The Vespa Trip biedt van half mei tot eind september reizen langs de Amalfikust aan, vanaf € 590 voor vier overnachtingen met ontbijt en Vespa-huur, helmen en een slot, een road book, een gids en verzekering schade aan derden. Niet inbegrepen zijn vluchten, benzine, parkingkosten (€ 40), gps (€ 30) en omniumverzekering (€ 89 per Vespa). Vespa-bestuurders moeten meerderjarig zijn en een Europees rijbewijs B of AM hebben. Je kunt drie routes volgen: op eigen houtje of door de gids te volgen.

Logeren in de heuvels

  • De uitvalsbasis van The Vespa Trip aan de Amalfikust is hotel O Sole Mio (te boeken via thevespatrip.com), met eenvoudige kamers, restaurant, tuin en zwembad. Het ligt wat hoger, op een boog scheut van Sorrento en op wandelafstand van het dorp Sant’Agata, met gezellige restaurantjes.
  • Voor een romantisch vervolg zit je perfect in hotel Laqua Countryside in de heuvels bij Sorrento. Met toprestaurant.
    Kamers vanaf € 279 voor 2 personen, Meer info: Laquacollection.it/en

Niet te missen haltes

  • Lunch in het vermaarde L’Antica Trattoria in Sorrento: het gekoelde terras is prachtig, binnen is het net zo mooi. De spaghetti met truffel is onaards lekker. Meer info: lanticatrattoria.com.
  • Neem een drankje op het panoramische balkon van luxehotel Imperial Tramontano in Sorrento: vanaf daar kijk je récht op de bedrijvigheid beneden in het water, en verder ook op de Vesuvius. Meer info: hoteltramontano.it.
  • Sorrento heeft geen zandstrand, maar als je de trappen naar beneden neemt, kom je uit aan de populaire bagni: op een soort staketsels zijn strandhuisjes en terrassen gebouwd. Je zit er tussen de locals, echt als sardientjes in een blik, maar wat een ervaring. Plons de zee in voor wat verkoeling. Meer info: italia.it/en/campania/naples/bagni-regina-giovanna.
  • De Amalfi Fountain of Breasts is, jawel, een naakte vrouw die haar borsten vasthoudt en water spuit.
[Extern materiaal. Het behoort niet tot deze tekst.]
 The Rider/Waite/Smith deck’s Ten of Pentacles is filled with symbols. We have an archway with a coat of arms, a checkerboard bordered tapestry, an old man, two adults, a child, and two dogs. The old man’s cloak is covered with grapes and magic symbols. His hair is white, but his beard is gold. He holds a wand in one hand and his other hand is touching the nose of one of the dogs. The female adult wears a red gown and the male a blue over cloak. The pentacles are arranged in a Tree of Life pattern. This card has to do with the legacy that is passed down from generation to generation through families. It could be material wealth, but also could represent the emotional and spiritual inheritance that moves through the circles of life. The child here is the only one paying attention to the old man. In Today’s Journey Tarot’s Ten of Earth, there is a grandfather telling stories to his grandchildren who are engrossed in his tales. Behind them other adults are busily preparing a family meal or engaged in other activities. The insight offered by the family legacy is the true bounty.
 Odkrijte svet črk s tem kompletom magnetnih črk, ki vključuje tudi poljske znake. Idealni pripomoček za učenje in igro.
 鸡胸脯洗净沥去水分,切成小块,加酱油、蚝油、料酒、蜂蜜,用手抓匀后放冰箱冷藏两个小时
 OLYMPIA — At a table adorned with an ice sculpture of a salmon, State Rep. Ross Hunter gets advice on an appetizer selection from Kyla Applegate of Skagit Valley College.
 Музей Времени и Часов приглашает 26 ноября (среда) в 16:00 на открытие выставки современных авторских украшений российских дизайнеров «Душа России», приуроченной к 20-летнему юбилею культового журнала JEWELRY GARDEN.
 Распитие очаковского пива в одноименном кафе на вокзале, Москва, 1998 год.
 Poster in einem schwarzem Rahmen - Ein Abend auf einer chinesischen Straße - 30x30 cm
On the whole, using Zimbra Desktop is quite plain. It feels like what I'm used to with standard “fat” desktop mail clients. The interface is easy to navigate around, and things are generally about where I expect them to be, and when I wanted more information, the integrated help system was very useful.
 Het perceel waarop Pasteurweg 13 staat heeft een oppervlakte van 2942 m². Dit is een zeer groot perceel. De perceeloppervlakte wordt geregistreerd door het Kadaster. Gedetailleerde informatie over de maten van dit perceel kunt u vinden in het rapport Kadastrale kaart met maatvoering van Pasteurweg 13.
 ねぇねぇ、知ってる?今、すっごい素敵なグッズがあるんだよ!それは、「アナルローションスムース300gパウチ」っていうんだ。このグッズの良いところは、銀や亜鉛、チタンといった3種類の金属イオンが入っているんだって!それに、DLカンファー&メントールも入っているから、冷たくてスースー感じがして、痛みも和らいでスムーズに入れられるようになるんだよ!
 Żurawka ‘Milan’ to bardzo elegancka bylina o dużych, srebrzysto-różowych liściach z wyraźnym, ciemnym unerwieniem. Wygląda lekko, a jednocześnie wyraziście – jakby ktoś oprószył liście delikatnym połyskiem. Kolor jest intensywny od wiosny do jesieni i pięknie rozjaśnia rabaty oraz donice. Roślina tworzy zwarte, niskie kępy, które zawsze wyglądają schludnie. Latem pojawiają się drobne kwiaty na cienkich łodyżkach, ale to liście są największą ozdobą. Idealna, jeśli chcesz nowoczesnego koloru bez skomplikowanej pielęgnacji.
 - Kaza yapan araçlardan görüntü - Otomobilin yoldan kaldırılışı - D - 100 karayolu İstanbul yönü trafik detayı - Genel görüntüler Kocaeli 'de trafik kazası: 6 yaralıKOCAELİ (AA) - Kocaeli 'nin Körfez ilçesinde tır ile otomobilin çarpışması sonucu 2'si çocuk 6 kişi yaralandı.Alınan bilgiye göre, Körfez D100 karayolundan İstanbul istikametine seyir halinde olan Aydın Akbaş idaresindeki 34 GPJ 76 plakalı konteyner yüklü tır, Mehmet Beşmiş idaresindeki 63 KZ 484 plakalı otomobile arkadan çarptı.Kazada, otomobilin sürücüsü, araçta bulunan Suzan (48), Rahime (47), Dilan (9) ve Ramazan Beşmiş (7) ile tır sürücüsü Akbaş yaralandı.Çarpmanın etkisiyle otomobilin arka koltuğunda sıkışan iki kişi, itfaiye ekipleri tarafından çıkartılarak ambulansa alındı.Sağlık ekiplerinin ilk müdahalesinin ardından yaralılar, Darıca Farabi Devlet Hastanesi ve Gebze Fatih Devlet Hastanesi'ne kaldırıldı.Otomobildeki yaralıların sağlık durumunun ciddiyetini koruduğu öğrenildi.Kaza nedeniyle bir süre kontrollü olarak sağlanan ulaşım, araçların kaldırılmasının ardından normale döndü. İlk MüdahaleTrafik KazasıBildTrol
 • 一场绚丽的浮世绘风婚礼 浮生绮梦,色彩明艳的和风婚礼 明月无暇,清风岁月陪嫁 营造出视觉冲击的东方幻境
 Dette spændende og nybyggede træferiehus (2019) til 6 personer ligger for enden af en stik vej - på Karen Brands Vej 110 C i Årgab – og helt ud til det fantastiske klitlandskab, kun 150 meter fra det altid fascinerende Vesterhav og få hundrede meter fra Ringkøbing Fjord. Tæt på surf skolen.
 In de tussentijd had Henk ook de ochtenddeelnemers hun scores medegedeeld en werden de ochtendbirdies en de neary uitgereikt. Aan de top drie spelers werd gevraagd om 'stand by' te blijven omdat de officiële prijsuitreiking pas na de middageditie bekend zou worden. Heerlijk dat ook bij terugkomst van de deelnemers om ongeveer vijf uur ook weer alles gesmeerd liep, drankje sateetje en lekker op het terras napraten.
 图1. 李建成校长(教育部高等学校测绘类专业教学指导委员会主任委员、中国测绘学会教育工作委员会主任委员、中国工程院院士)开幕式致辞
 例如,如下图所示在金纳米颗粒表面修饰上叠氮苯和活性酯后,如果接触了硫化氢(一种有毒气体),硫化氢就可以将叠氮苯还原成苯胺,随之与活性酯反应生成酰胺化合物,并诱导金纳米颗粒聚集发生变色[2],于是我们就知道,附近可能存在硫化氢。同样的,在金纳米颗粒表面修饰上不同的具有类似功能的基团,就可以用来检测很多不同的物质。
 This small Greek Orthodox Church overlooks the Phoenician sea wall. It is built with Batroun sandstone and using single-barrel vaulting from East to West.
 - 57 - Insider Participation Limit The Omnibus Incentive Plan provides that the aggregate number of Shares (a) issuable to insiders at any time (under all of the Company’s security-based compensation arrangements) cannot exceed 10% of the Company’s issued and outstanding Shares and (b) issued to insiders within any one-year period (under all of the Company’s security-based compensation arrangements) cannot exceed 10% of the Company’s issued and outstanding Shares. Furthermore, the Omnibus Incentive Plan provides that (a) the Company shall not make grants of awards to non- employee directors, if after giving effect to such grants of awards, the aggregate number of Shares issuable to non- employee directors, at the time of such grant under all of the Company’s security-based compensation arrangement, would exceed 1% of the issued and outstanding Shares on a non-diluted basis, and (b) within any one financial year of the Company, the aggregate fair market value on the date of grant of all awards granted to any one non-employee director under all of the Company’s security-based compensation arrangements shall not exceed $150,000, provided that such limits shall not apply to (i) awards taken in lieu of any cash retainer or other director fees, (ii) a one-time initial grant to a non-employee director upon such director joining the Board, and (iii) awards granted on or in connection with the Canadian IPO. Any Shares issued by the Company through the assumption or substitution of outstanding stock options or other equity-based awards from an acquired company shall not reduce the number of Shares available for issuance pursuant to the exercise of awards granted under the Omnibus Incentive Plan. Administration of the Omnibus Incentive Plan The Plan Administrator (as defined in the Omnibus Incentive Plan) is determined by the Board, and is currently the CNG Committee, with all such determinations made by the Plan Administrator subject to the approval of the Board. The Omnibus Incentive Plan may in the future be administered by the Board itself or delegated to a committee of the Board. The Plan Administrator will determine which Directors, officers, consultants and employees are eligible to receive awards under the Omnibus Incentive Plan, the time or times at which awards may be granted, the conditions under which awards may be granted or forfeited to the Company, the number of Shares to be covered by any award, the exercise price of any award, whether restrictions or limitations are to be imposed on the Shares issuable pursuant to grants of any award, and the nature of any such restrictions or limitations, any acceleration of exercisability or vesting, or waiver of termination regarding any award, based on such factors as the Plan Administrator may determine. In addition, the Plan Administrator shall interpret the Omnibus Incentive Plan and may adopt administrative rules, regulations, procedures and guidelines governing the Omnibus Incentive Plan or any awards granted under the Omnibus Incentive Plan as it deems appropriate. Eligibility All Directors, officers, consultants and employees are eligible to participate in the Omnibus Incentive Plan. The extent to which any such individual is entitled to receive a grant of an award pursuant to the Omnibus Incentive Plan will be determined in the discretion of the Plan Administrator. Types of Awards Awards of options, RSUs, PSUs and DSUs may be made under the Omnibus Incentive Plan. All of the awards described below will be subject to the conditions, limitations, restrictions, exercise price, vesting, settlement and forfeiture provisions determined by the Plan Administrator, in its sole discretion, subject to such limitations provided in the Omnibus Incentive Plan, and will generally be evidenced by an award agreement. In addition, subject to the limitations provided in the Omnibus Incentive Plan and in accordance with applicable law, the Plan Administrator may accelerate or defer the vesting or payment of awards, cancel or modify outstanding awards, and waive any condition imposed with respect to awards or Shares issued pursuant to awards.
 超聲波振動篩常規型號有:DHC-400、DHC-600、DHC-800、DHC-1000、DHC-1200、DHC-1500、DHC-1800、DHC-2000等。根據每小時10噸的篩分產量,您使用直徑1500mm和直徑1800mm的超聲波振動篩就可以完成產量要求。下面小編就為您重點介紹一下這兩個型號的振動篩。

Bizar.
  • Amalfi is bekend om de stalletjes en kribbes die het hele dorp in miniatuurversie uitbeelden. Bij de Fontana Cape ‘e Ciucci, uit de achttiende eeuw, zie je onder meer pizzamakers, herders en mama’s met baby. Een muntje in deze fontein gooien, zou jaren van geluk brengen. Meer info: italia.it/en/campania/salerno/amalfi.